In re Assael

109 A.D.2d 457, 492 N.Y.S.2d 821, 1985 N.Y. App. Div. LEXIS 48213
CourtAppellate Division of the Supreme Court of the State of New York
DecidedAugust 19, 1985
StatusPublished
Cited by1 cases

This text of 109 A.D.2d 457 (In re Assael) is published on Counsel Stack Legal Research, covering Appellate Division of the Supreme Court of the State of New York primary law. Counsel Stack provides free access to over 12 million legal documents including statutes, case law, regulations, and constitutions.

Bluebook
In re Assael, 109 A.D.2d 457, 492 N.Y.S.2d 821, 1985 N.Y. App. Div. LEXIS 48213 (N.Y. Ct. App. 1985).

Opinion

OPINION OF THE COURT

Per Curiam.

Respondent was admitted to practice by this court on March 30, 1949. By order of this court dated December 14, 1960, respondent was disbarred after a hearing on charges of professional misconduct involving his referring clients to physicians upon an understanding that exaggerated medical reports and bills would be presented; submitting false and exaggerated bills of particulars; failing to submit , written closing statements to clients; commingling funds of his clients with his own; and failing to cooperate with the judicial inquiry into his conduct (Matter of Silver v Assael, 12 AD2d 631). Respondent was reinstated by this court on June 1, 1972.

In the instant proceeding respondent was charged with having been convicted of a “serious crime”, in that on April 30,1982 he was indicted on 30 counts of grand larceny in the second degree, 45 counts of grand larceny in the third degree, one count [458]*458of attempted grand larceny in the third degree, one count of conspiracy in the fifth degree, and on February 3, 1983, he pleaded guilty to petit larceny and conspiracy, both of which constituted class A misdemeanors, in full satisfaction of the indictment. On April 7,1983, respondent was sentenced to three years’ probation and directed to make restitution.

Respondent admitted the charge but requested an opportunity to testify in mitigation thereof. After the hearing the Special Referee found the charge to have been sustained. Petitioner moves to confirm the report of the Special Referee.
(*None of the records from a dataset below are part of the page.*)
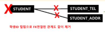 - CASCADE CONSTRAINT 옵션을 추가하면 관련 관계선(FK)도 모두 삭제합니다.
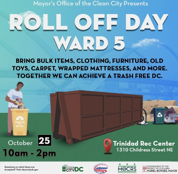 DPW will hold a Community Bulk Item Pickup for Ward 5, Saturday October 25, 10am-2pm at the Trinidad Recreation Center, 1310 Childress Street NE., Bring bulk items & clutter for disposal—let’s work together to keep our city clean!
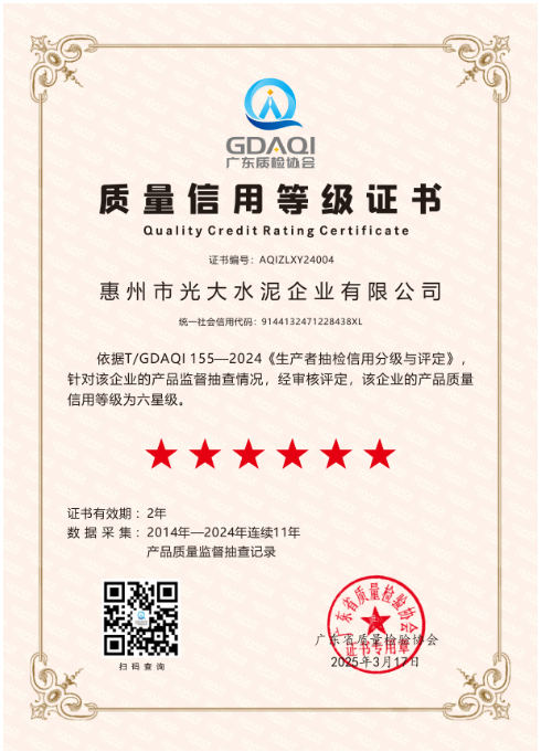 光大水泥榮獲廣東省質(zhì)量信用最高等級(jí)榮譽(yù)證書(shū)[2025-05-16]
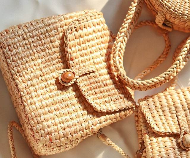 High Fashion Eco-friendly Women's Summer Beach Clutch Water Hyacinth PC Straw Zipper Closure Cotton Custom Natural Tassel Chains

After reviewing all of the evidence we are in full agreement with the report of the-Special Referee. The respondent is adjudged guilty of serious professional misconduct. The petitioner’s motion to confirm the Special Referee’s report is granted.

In determining an appropriate measure of discipline to be imposed, we have considered the fact that the misconduct did not arise out of the practice of law. The court has also noted all the mitigating circumstances advanced by respondent at the hearing but find his testimony in this regard to lack credibility. Accordingly, the respondent should be, and hereby is, disbarred and his name is ordered stricken from the roll of attorneys and counselors-at-law effective forthwith.
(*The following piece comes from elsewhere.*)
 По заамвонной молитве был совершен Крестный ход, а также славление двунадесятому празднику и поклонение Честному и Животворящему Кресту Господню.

Mollen, P. J., Lazer, Mangano, Gibbons and Thompson, JJ., concur.

Free access — add to your briefcase to read the full text and ask questions with AI

Related

In re Carroll
193 A.D.2d 881 (Appellate Division of the Supreme Court of New York, 1993)

Cite This Page — Counsel Stack

Bluebook (online)
109 A.D.2d 457, 492 N.Y.S.2d 821, 1985 N.Y. App. Div. LEXIS 48213, Counsel Stack Legal Research, https://law.counselstack.com/opinion/in-re-assael-nyappdiv-1985.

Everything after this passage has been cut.